Figure: The view form shows currently selected transaction instances
The transaction instance form is shown beyond the command form. It shows all selected transaction instances as a table, each row representing one transaction instance. The way this table looks like is influenced by the selected values in line two of the command form. "The view form shows currently selected transaction instances"
shows a few MySQL sample transactions from tutorial t5. The status column is coloured dependent on the status value, i.e. this is green in case of a GOOD, red in case of a FAILED and yellow in case of an ABORTED transaction. The response time is the time between the start() and the respective stop() call of this transaction. The start time is the absolute time when this transaction was started (be aware that this is the time of the computer where the transaction was started and the time on different computers may differ).
The histogram form

Figure: The histogram form of the MyARM cgi interface
The histogram form creates a histogram of all transactions formerly selected via command form. In our example in "cgi_interface_histogram" all transaction instances from tutorial example t5 were selected. The y-coordinate shows the number of transactions while the x-coordinate divides the duration time into equidistant bins in the range from 0 (selected via MinRT selector) to 0.4 (selected via MaxRT selector) milliseconds (selected via RT Unit selector). The Bins editable field specifies the number of bins (here 10), the Height editable field specifies the height of each bin in pixels (here 300). The View Button creates a new view of the histogram with the actual values.
The statistics form

Figure: The statistics form of the MyARM cgi interface
The statistics form gives a short statistical overview of all transactions formerly selected via command form. These are shown as summary of all, GOOD, FAILED and ABORTED transactions per row.
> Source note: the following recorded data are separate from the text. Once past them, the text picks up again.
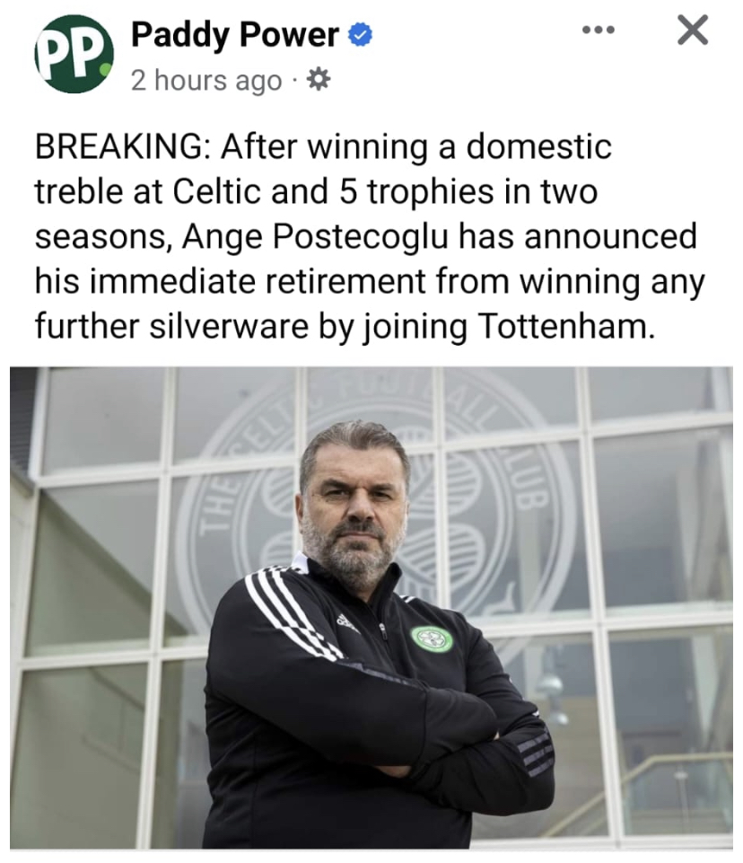 Just been told by someone in the know that Ange is away to Spurs. Celtic offered him a long term contract a couple of months ago and he knocked it back. Gutted.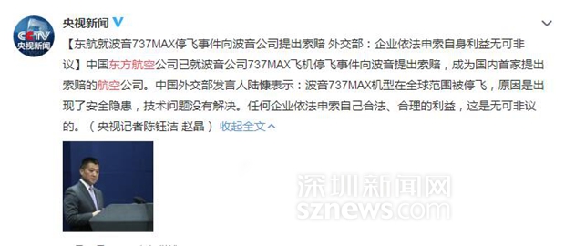 5月22日,中國國航和南方航空公司也分別正式致函波音公司,就波音737MAX停飛及前期訂購的波音737max延遲交付造成的損失提出賠償要求。自3月11日起,南航已暫停24架波音737MAX飛機(jī)的商業(yè)運(yùn)行。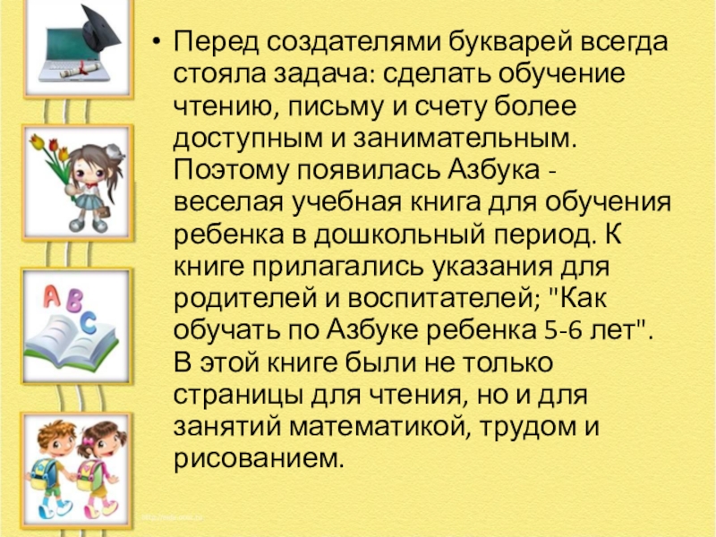 Слайд 26Перед создателями букварей всегда стояла задача: сделать обучение чтению, письму и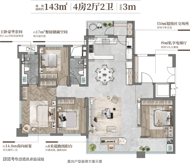 (3)建面约143㎡越级改善大四房,让奢享融入日常,定义高端人居标准: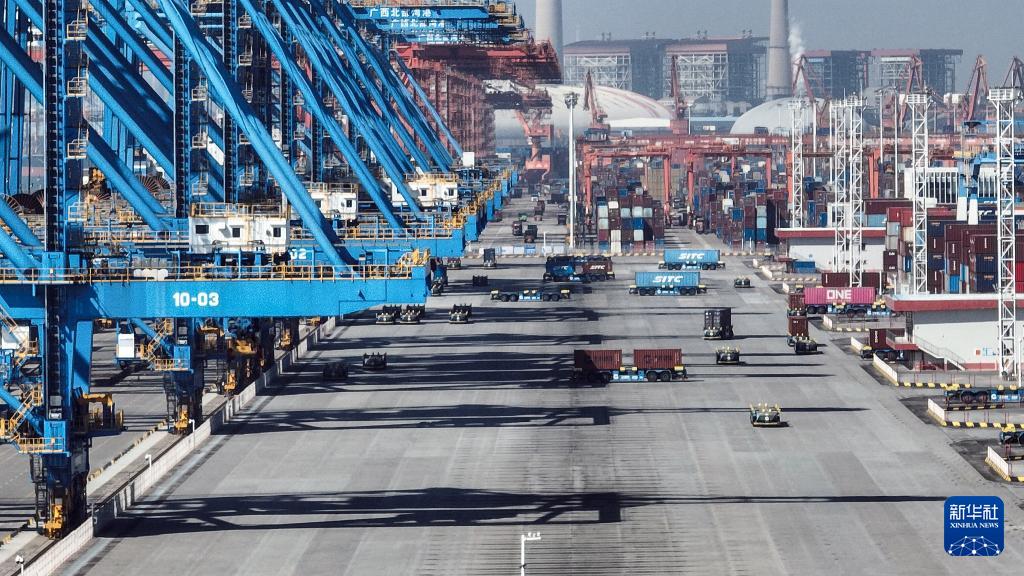 11月11日,一艘海輪在欽州港集裝箱自動化碼頭卸貨(無人機照片)。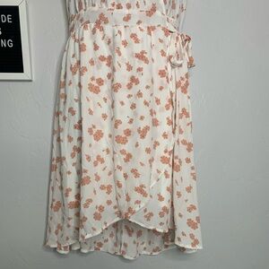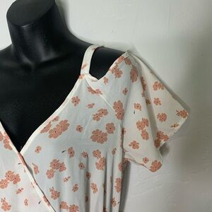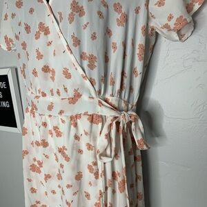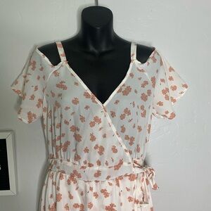 This is a lightweight white off the shoulder dress with a pink floral pattern. It has a faux wrap design in the front and is in a size large. It’s in perfect condition no stains or flaws.

In our example in "figure statistics" only GOOD transactions were executed thus resulting in only two rows of all and GOOD transactions. Each row consists besides the Status (as described above) and the Count values of the following columns:
- Mean RT (ms) shows the mean duration time value of all selected transaction instances in milliseconds.
- Min RT (ms) shows the minimum duration time of all selected transaction instances in milliseconds.
- Max RT (ms) shows the maximum duration time of all selected transaction instances in milliseconds.
- The Median (ms) separates the transaction instances in two half's, one half with a duration time lower than the median and one half with a duration time higher than the median (all in milliseconds).
- The Variance is the average of the differences from the mean duration time of all transaction instances.
- The standard Deviation is calculated as the square root of the variance.